We've created Wordpress theme based on that: https://github.com/Naturaily/tufte-wp-theme


This is lovely. Anyone know of a Hugo theme that implements it?


I'm authoring my personal blog using Markdown and a Jekyll theme. How would I go about using Tufte CSS in this context? Does that even make sense?


From the article:

> ”To use Tufte CSS, just copy tufte.css and the et-book font directory to your project and add the following to your HTML doc's head block:”

    <link rel="stylesheet" href="tufte.css"/>


And to elaborate a bit, yes it would make sense to include it. What engine are you using? I might just create a theme for it.

EDIT: You mentioned the Jekyll, I was a bit slow.


Any recommendations for similar looking stylesheets?
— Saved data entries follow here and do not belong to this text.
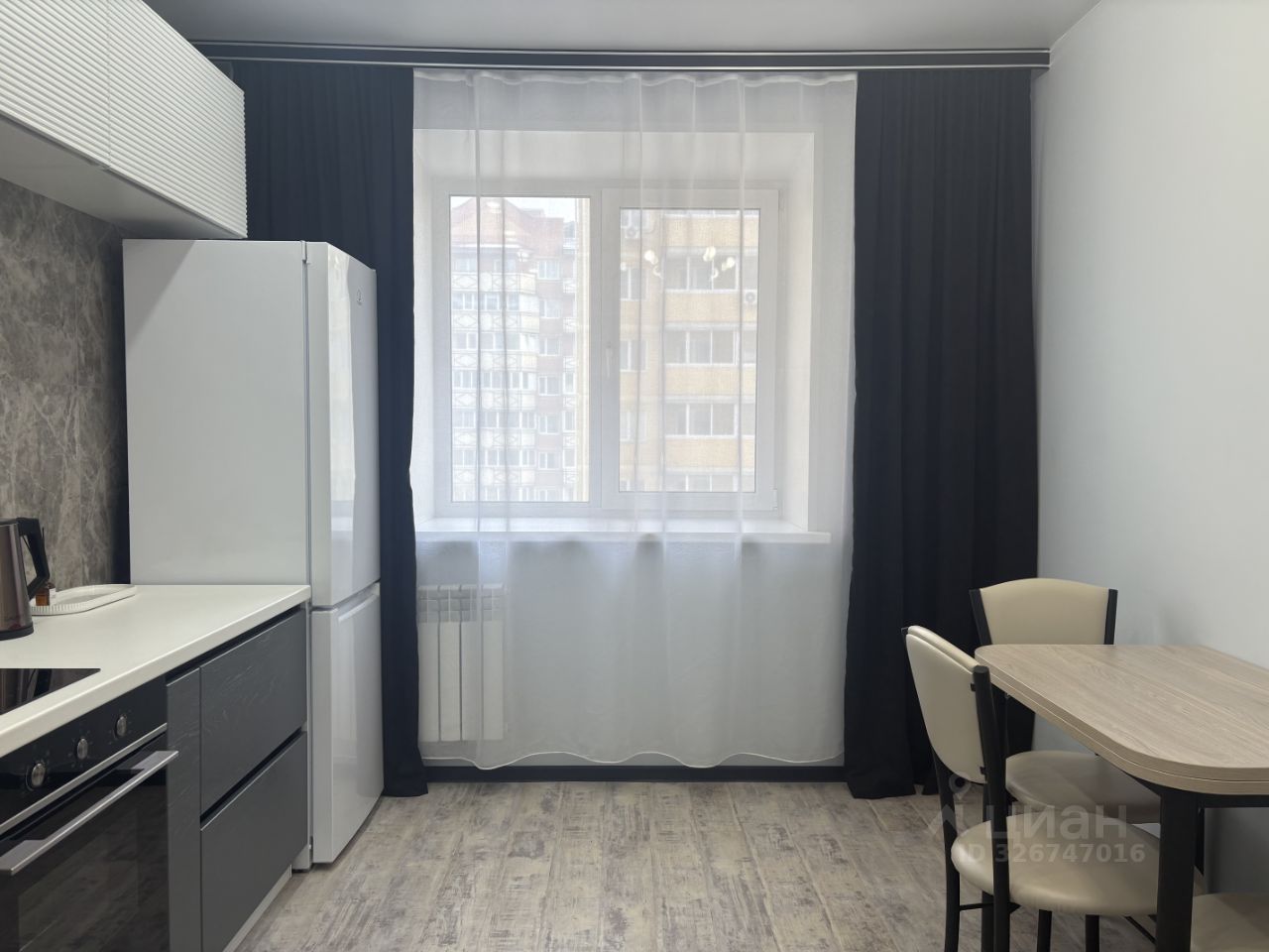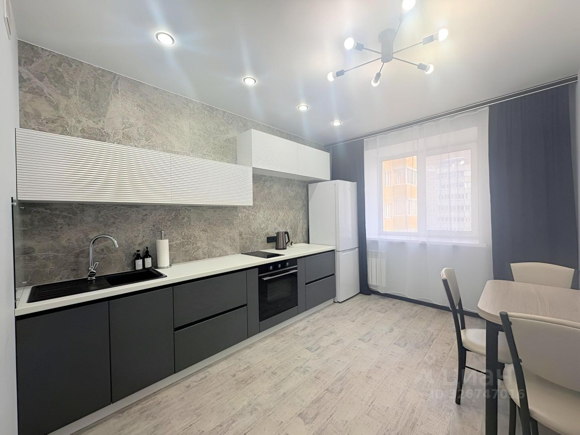В квартире остается кухонный гарнитур со встраиваемой техникой, вытяжка, стол со стульями, шкафы-купе.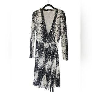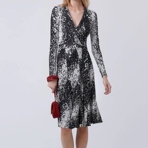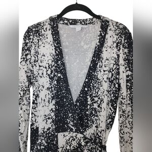 Chic wrap dress with a striking black and white pattern. Long sleeves and elegant silhouette. printed in a dramatic black and white paint splatter design,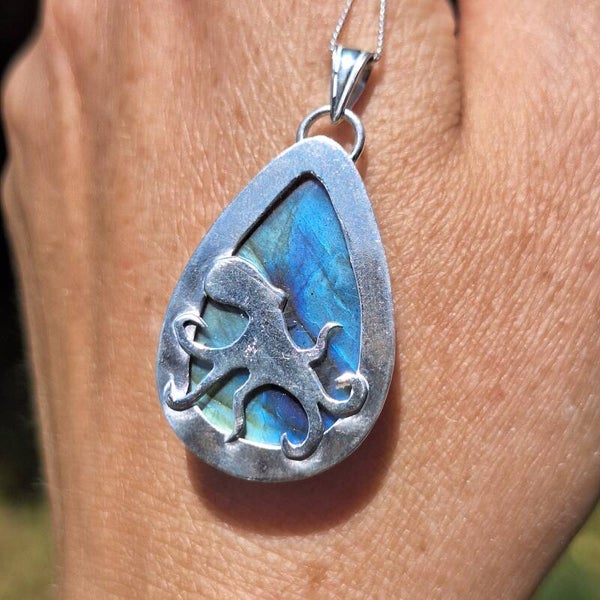 Derrière cette sublime labradorite, une petite pieuvre vous accompagnera.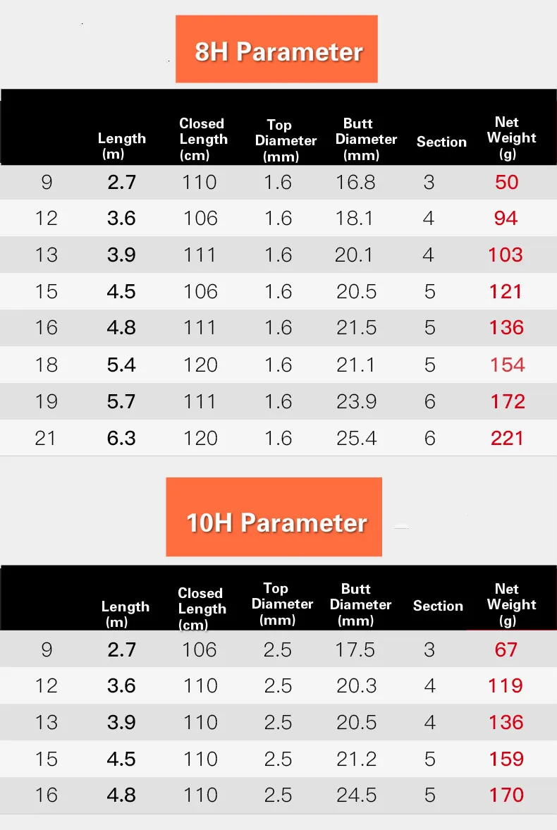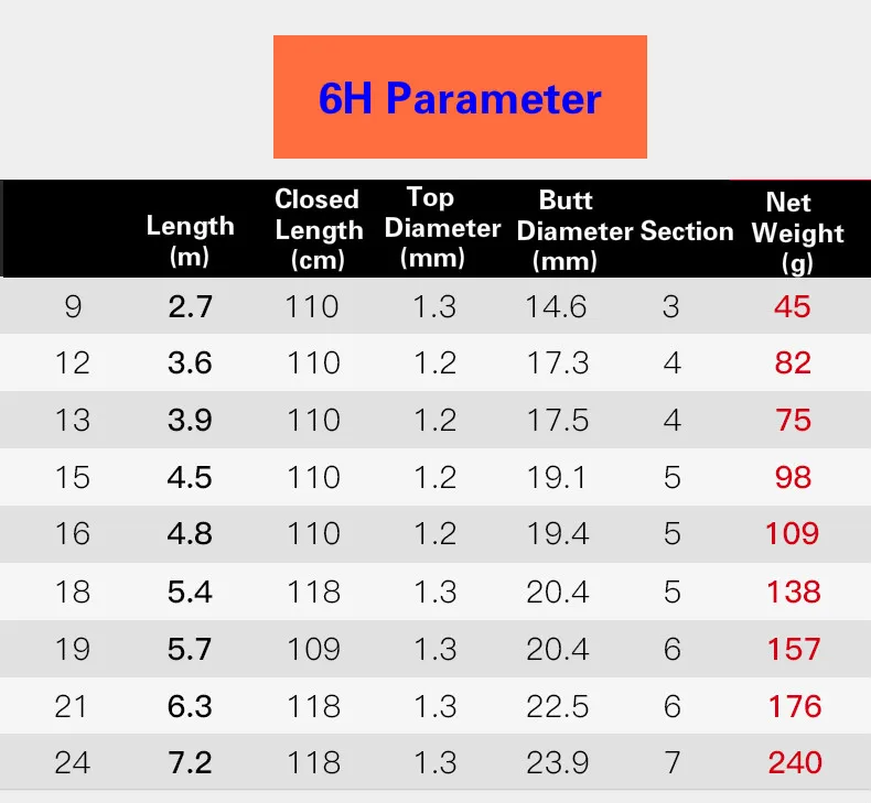 5. no hay diferencia entre los tres tipos de cañas de pescar excepto por la dureza. Dureza: 10H 8H 6H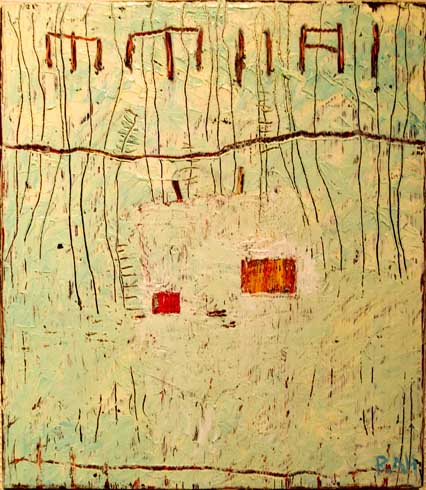 Fabuleringer " To hus " akryl/olje på tre 23 x 25 2006 solgt Ragnhild A. Holten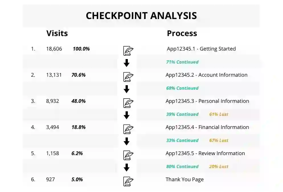 其中第一个步骤有18606次访问,然后有71%的访问用户选择继续,但是只有13131(70.6%)到达了第二个步骤。最终只有925(5%)的用户完成了注册。由此可以知道不同步骤的真实访问比例,从而得到性能测试的数据模型和策略。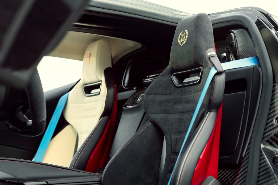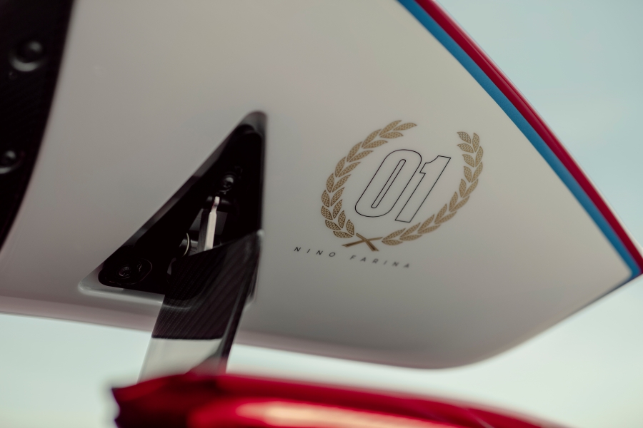 ภายในมาพร้อมกับเบาะนั่งแบบ Full bucket seat หุ้มด้วยหนังพรีเมียมสีดำสำหรับเบาะคนขับ แต่สำหรับเบาะคนนั่งกลับหุ้มด้วยหนังสีเบจ นอกจากนี้ยังประโคมไปด้วยตราสัญลักษณ์ Nino Farina รอบคัน และทริมตกแต่งวัสดุคาร์บอนไฟเบอร์และอะลูมิเนียม พร้อมเพลทบอกเลขตัวถัง บ่งบอกความพิเศษจำนวนเพียง 5 คัน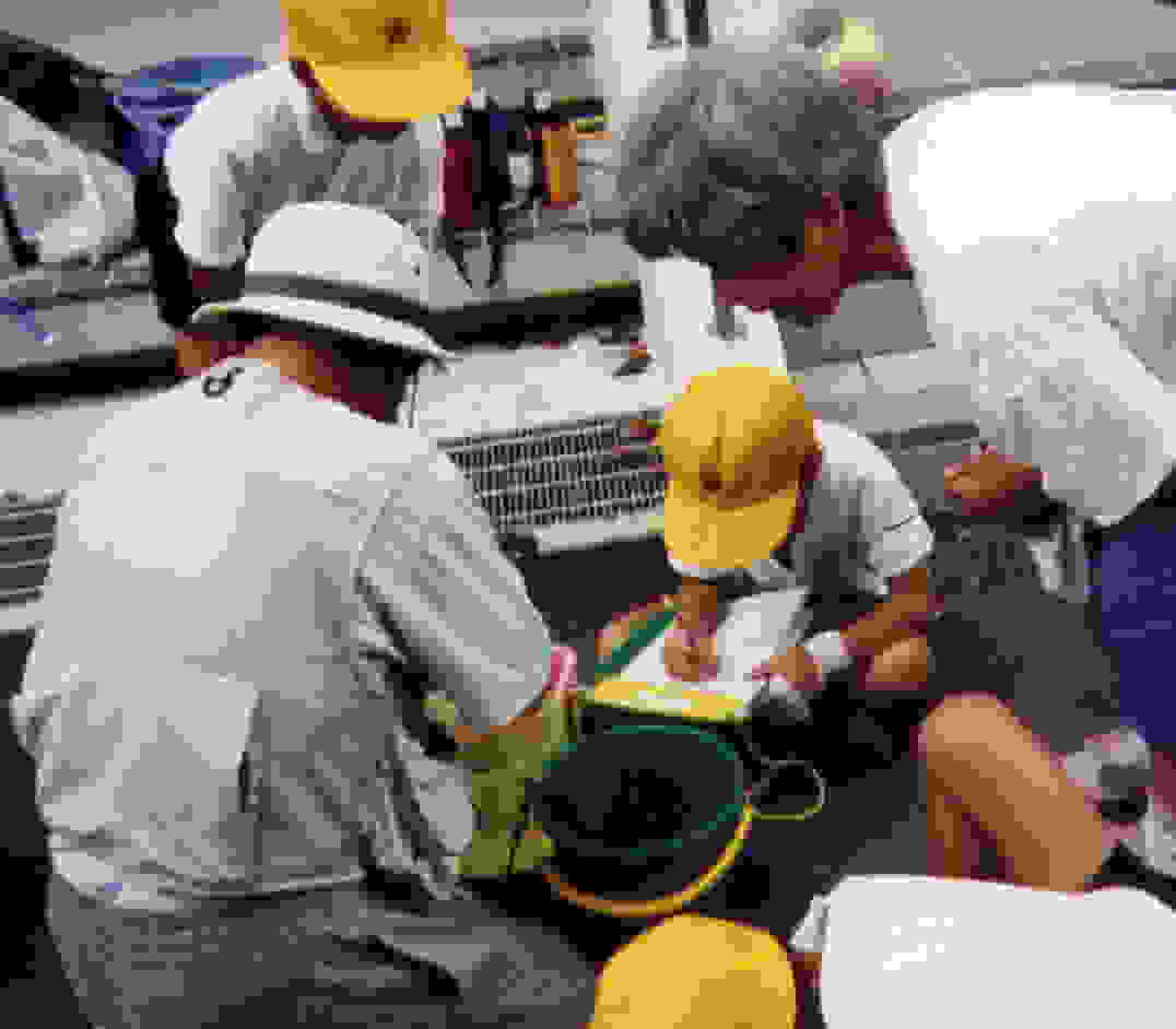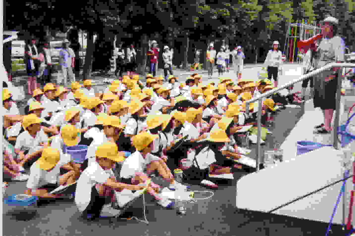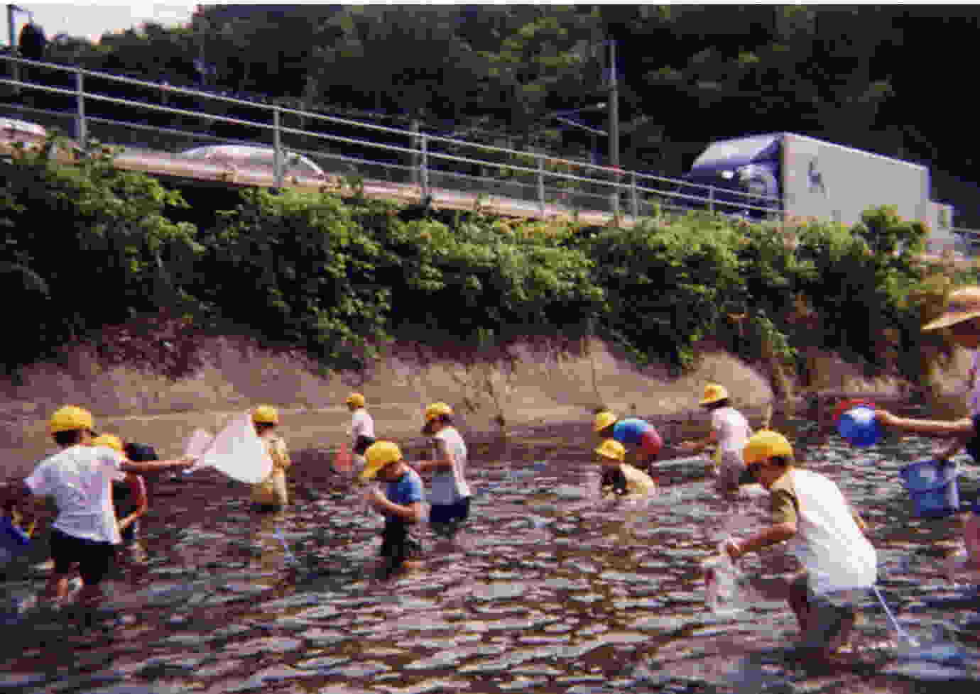 7月のある日、晴れ。 楽しみにしていた川たんけん。 水がひんやりして、とても気もちよかったよ。 あみやバケツ、水そうなどをよういしたよ。 |

The side notes seem to vanish altogether on small screens, rather than merging into the text as I would have expected.


>This document currently uses the symbol ⊕ (&#8853;), but it’s up to you.

They turn into click-toggleable inline links with a distinctive symbol to represent them.


I don't find the font all that good looking. In general, I'd say Material Desing beats this.


I hate material design on the web, it feels overanimated and bloated. On android it looks fine.


That's an awful font.


Because?


Are we seeing the same page? https://i.imgur.com/LOOHFFz.png

What's the point of making 'e's look very close to 'o's?


I suspect the issue may be down to however your computer, which I'm guessing is running Windows, is rasterising the font. On Mac OS, it renders perfectly, whether on a Retina display or a normal monitor. Ditto for Ubuntu.

It looks like ClearType is making certain elements of the typeface finer and lighter. You might want to tune your ClearType settings.